**THE PROBLEM**
Only an exact copy is wanted: the lines from the one holding "Raymond registered for" through the last line below, minus the pictures.

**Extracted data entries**
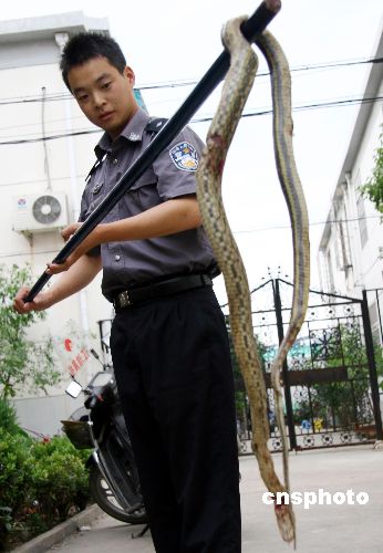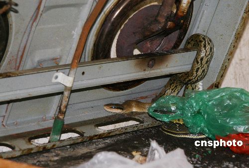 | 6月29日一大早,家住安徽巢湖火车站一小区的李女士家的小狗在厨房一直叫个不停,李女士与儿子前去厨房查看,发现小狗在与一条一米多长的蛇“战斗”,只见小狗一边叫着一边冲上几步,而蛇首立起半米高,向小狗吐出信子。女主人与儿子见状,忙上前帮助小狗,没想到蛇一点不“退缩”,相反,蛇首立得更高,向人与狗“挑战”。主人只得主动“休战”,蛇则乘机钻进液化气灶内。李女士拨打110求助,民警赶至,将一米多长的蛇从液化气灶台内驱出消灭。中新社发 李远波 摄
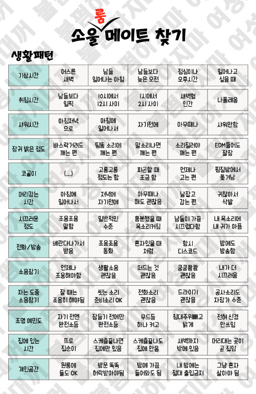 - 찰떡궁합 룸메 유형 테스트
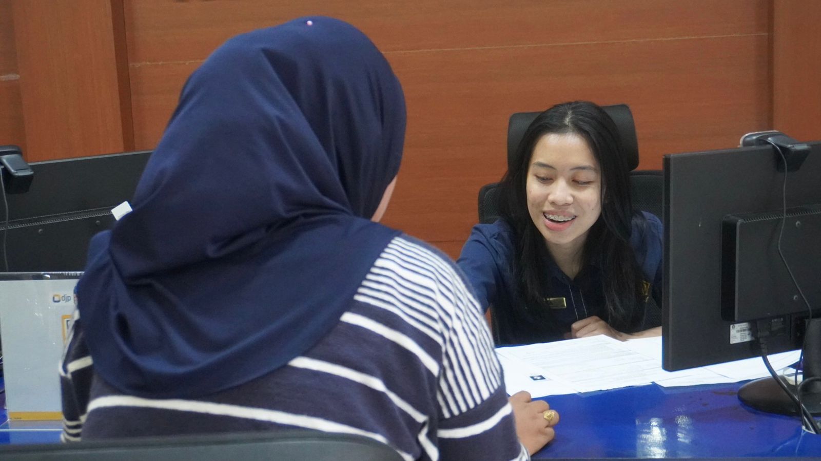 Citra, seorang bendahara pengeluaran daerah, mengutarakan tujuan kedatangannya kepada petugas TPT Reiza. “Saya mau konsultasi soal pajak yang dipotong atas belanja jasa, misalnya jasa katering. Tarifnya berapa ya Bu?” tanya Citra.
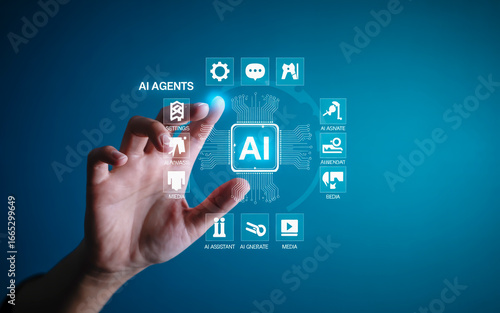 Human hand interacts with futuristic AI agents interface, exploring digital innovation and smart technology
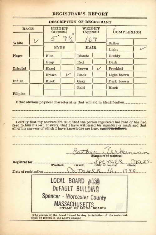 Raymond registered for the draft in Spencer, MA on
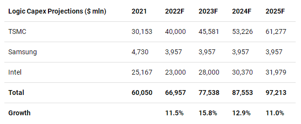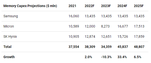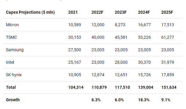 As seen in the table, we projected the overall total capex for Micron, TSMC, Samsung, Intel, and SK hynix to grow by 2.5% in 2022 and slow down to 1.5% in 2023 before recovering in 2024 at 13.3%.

**TASK SOLUTION**
 Raymond registered for the draft in Spencer, MA on
 As seen in the table, we projected the overall total capex for Micron, TSMC, Samsung, Intel, and SK hynix to grow by 2.5% in 2022 and slow down to 1.5% in 2023 before recovering in 2024 at 13.3%.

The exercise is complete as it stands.